- **Data extract**
• • • •

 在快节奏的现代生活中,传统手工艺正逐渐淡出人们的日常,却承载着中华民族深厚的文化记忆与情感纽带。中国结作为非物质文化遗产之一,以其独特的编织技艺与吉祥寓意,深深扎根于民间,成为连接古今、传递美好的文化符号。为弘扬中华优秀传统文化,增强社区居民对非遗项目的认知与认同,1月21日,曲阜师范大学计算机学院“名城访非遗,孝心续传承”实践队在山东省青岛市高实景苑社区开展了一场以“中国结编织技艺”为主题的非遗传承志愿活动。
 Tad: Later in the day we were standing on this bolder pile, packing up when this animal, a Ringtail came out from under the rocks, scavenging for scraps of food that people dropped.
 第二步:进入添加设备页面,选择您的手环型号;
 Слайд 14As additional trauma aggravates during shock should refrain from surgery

• • • •

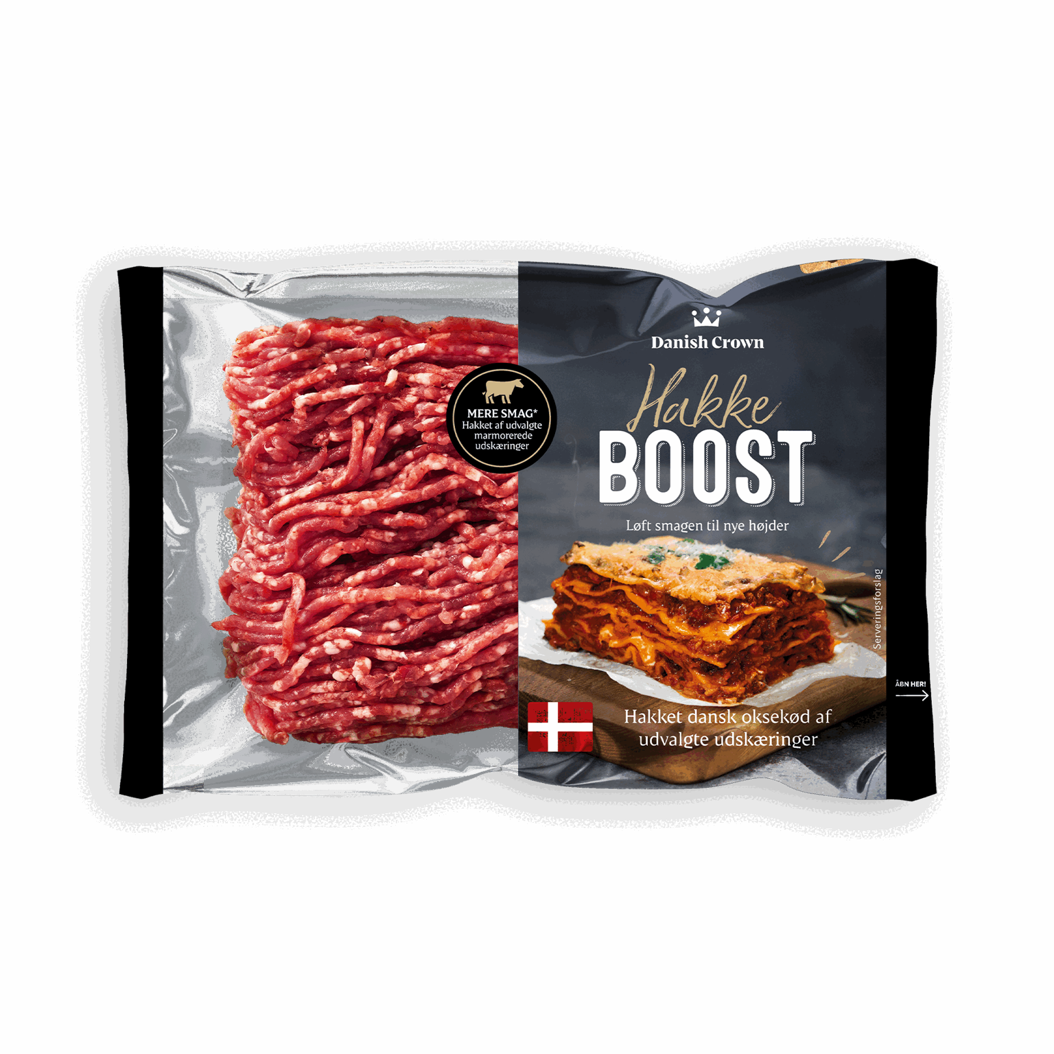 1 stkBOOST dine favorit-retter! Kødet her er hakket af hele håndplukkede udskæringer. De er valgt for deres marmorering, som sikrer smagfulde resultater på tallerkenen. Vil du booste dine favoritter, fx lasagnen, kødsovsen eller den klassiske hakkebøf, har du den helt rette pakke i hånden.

• • • •

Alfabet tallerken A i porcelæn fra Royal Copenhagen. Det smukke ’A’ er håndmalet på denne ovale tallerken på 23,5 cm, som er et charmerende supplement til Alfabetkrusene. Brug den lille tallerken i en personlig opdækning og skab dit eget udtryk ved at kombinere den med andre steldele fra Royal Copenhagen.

• • • •

- **What you will do**
Search the entries above for the string "from". Copy each line that holds it.

- **Exercise response**
 Tad: Later in the day we were standing on this bolder pile, packing up when this animal, a Ringtail came out from under the rocks, scavenging for scraps of food that people dropped.
 Слайд 14As additional trauma aggravates during shock should refrain from surgery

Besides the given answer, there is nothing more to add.